-------- GIVEN DATA

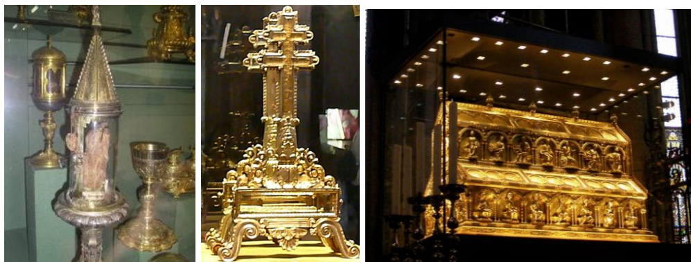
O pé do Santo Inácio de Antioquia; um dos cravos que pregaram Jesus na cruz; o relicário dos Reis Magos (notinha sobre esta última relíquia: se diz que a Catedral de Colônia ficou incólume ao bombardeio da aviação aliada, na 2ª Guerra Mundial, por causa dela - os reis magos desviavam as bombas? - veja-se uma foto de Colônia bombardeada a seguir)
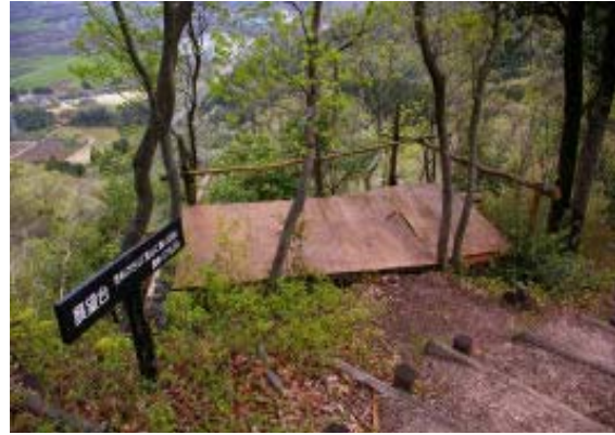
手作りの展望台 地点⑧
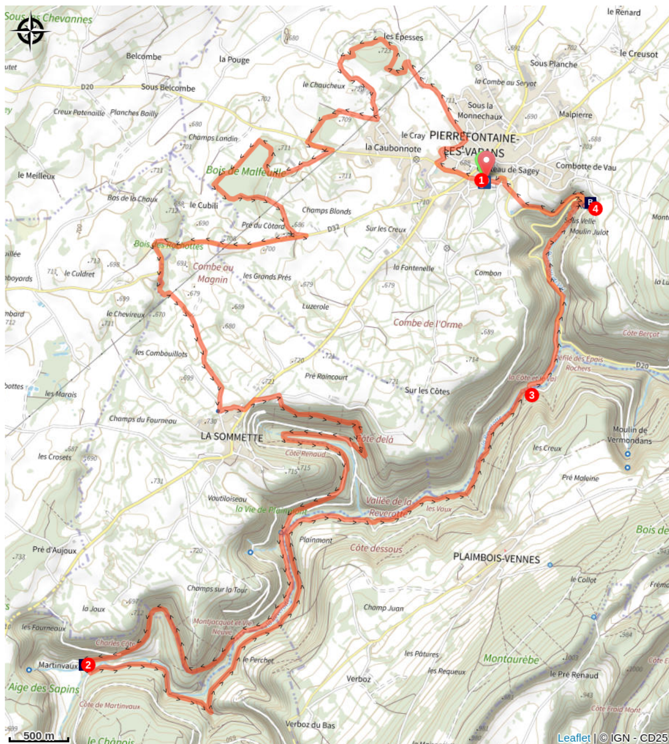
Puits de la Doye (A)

----------------

The finished answer is an exact repetition of the listing, with every picture removed.

O pé do Santo Inácio de Antioquia; um dos cravos que pregaram Jesus na cruz; o relicário dos Reis Magos (notinha sobre esta última relíquia: se diz que a Catedral de Colônia ficou incólume ao bombardeio da aviação aliada, na 2ª Guerra Mundial, por causa dela - os reis magos desviavam as bombas? - veja-se uma foto de Colônia bombardeada a seguir)
手作りの展望台 地点⑧
Puits de la Doye (A)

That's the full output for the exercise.